THE HAGUE, Netherlands (AP) — Pale, impassive, wearing a baggy blue suit and flanked by U.N. guards, a 40-year-old Serb faced international justice Tuesday in the first war crimes trial to come out of the Bosnian war.
The Texas judge presiding over the U.N. tribunal reminded all present that Dusan Tadic was innocent until proven guilty. Tadic’s lawyer said he was a victim of mistaken identity, swept up by authorities frantic to find a scapegoat for the atrocities of Bosnia.
But the chief prosecutor accused the former bar owner of offenses of “unspeakable horror,” including murdering Muslim prisoners with karate kicks, torture, rape and forcing one prisoner to castrate another with his teeth.
The trial, which is to include video testimony by alleged victims too terrified of Tadic to face him in court, opened in a building ringed by steel barriers and flanked by tents to accommodate hundreds of reporters.
A 30-yard-wide wall of bulletproof glass separated the judges, attorneys and defendant from the packed spectators gallery, and scores of armed U.N. and Dutch police patrolled inside and outside the courtroom.
The three-judge panel, wearing black and scarlet robes, sat behind a raised wooden bench fitted with computer screens for viewing documentary evidence, including maps.
The first war crimes trial since Nuremberg “has certain historic dimensions,” presiding judge Gabrielle Kirk McDonald of Houston said in her opening statement, referring to the prosecution of Nazi war criminals that ended in 1956.
“Nevertheless we should all remember first and foremost that this is a criminal trial,” she said.
Tadic is charged with crimes against humanity for taking part in more than 30 murders and torturing Muslims in and around the Serb-run Omarska prison camp in northwestern Bosnia in 1992. He faces a maximum penalty of life in prison if convicted.

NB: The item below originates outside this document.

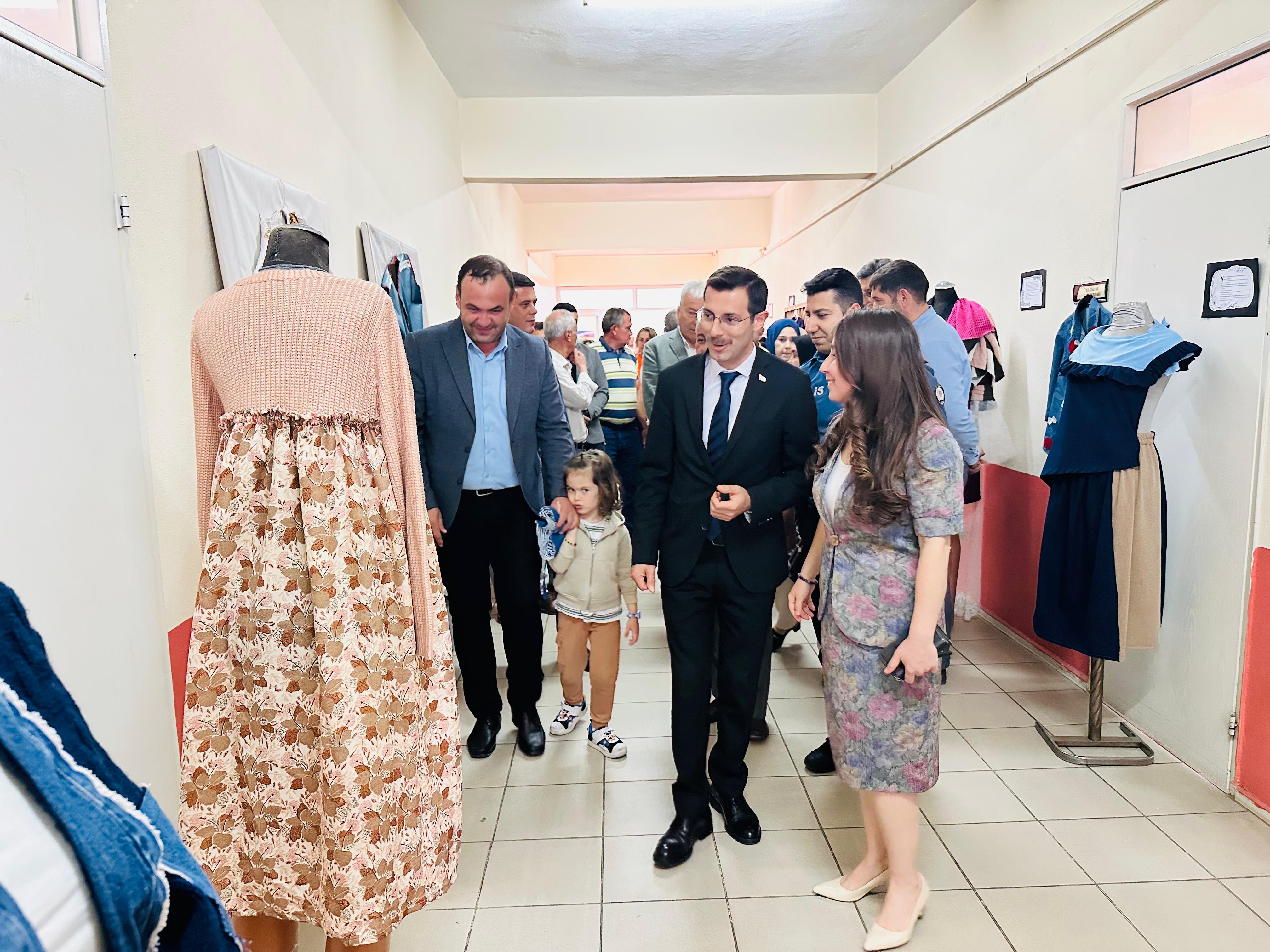 Giysi sergisinin açılışında konuşma yapan Bozdoğan Kaymakamı Yunus Emre Polat, sosyal sorumluluk bilinciyle yürütülen bu projeyi gönülden desteklediğini belirterek, sadece giysilerin değil, toplumsal değerlerin de yeniden hayat bulduğunu vurguladı. Sürdürülebilirliğin çevresel olduğu kadar toplumsal bir görev olduğuna dikkat çeken Polat, projede emeği geçen eğitimcilere, kursiyerlere ve öğrencilere teşekkür etti.

According to prosecutors, Tadic allegedly terrorized three camps in Bosnia’s northwestern Prijedor region from May through December 1992. He also is accused of rounding up Muslims and Croats in the area, killing or assaulting some, and driving others into the camps.
In his opening statement Tuesday, chief prosecutor Grant Niemann of Australia described Tadic’s transformation from a small businessman in the northwestern Bosnian town of Kozarac to a nationalist zealot freed by the Serb uprising to indulge his sadistic impulses.
He described one attack on inmates at Omarska in which Tadic, a martial arts expert, allegedly kicked Muslim inmates to death while other Serbs used baseball bats and lengths of cable.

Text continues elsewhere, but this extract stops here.